Soviet–Volga German politician (1908–1994)

Alexander Ivanovich Heckmann (Александр Иванович Гекман; 17 August 1908 – 1994) was a Soviet–Volga German politician. From 1938 to 1941, he served as the last head of government of the Volga German ASSR.

== Biography ==
Heckmann was born in the Saratov Governorate of the Russian Empire, into the family of a bricklayer in the village of Goly Karamysh (German name Balzer; today part of the city of Krasnoarmeysk). From the age of ten he worked as a spool craftsman and poster. In 1922 he joined the Komsomol and took an active part in building a pioneer organization in Balzer. In 1926 he entered the workers' faculty of Saratov. In 1930 he joined the CPSU. In 1934 he graduated from the Saratov Institute of Agricultural Mechanization.

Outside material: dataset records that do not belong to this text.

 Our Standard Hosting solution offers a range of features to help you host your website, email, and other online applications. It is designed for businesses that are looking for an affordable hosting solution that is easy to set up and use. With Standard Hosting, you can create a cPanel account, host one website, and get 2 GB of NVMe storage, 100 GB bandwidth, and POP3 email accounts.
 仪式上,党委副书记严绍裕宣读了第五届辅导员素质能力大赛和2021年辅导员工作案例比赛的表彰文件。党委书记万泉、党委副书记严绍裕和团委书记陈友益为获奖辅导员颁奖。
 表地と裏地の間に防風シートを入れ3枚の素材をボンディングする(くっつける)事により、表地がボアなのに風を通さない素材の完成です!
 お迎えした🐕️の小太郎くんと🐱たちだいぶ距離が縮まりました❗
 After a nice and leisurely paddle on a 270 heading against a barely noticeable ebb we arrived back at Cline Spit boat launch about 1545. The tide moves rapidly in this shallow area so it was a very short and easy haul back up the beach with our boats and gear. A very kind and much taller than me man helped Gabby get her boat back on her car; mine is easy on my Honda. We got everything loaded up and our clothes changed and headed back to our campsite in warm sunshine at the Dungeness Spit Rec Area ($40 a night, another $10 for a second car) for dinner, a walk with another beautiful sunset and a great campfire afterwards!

As a student, he actively participated in the collectivization and dekulakization in the area. From 1935 he worked as an electrical engineer in companies of the People's Commissariats for Light Industry and Agriculture. In September 1937 he was appointed People's Commissar for Light Industry of the Volga German ASSR.

In February 1938 he was elected 2nd Secretary of the Regional Committee of the Communist Party of the ASSR. On 20 June 1938, the Presidium of the Central Executive Committee of the ASSR appointed him Chairman of the Council of People's Commissars of the ASSR. At the 1st meeting of the Supreme Soviet of the ASSR, held on 25–27 July 1938, his candidacy was approved. He was Chairman of the Council of People's Commissars of the ASSR from July 1938 to September 1941.

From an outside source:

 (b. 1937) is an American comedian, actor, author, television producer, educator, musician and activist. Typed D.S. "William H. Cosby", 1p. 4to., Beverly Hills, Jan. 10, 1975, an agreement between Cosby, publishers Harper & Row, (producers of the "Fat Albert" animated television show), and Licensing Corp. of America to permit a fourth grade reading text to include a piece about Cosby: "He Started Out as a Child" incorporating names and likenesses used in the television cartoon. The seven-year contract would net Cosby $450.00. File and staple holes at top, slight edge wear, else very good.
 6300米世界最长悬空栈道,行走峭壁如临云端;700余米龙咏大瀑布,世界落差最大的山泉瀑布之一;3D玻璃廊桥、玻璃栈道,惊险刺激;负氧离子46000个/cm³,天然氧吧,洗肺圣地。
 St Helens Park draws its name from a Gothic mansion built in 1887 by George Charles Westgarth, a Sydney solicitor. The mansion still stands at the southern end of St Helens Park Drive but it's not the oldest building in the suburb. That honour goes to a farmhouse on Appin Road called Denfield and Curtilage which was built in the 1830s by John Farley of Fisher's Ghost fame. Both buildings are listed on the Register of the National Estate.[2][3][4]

On 12 December 1937, he was elected a deputy of the Supreme Soviet of the USSR (in the Soviet of Nationalities) from the Krasnoarmeysk constituency of the ASSR. On 26 June 1938, he was elected deputy of the Supreme Soviet of the RSFSR for the 1st electoral term from the Balzer constituency of the Volga German ASSR. He took the post of deputy chairman of the Presidium of the Supreme Soviet. He was recalled on 27 March 1944; officially because he had "lost touch with his voters".

On 22 June 1941, the German attack on the Soviet Union commenced. On July 13th and 14th, 1941, together with Konrad Hoffmann, the last head of state (chairman of the Presidium of the Supreme Soviet) of the Volga German ASSR, he appealed to the German people not to shed the blood of the Soviet people and to take up arms against Adolf Hitler and to judge the "fascist cannibals".

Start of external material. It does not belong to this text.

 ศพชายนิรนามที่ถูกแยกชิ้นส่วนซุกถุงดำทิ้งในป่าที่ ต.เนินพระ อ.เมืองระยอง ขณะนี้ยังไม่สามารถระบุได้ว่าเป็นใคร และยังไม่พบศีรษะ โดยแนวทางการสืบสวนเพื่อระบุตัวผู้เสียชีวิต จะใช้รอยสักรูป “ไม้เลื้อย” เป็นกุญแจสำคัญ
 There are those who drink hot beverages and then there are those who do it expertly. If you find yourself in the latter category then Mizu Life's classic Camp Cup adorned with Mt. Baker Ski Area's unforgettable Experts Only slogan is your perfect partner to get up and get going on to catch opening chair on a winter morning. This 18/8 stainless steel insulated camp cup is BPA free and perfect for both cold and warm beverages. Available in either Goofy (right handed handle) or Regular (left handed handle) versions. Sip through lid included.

On 1 September 1941, in accordance with the decree of 28 August "On Resettlement of Germans living in the Volga Region", he and his family were deported to Minusinsk in the Krasnoyarsk Krai. On 5 September 1941 he was removed from office in absentia. In Minusinsk he worked as an electrical engineer at the municipal power plant for a few months. From January 1942 he was in the NKVD labor columns in Vyatlag in Kirov Oblast. Here he became secretary of the party organization of the mobilized 12th Lumberjack Brigade. He was removed from this post after his expulsion from the CPSU. He was transferred to Bazstroi in the Sverdlovsk region of the Ukrainian SSR, where he was the senior dispatcher of the construction department of the NKVD Bogoslovsk Aluminum Plant until May 1944.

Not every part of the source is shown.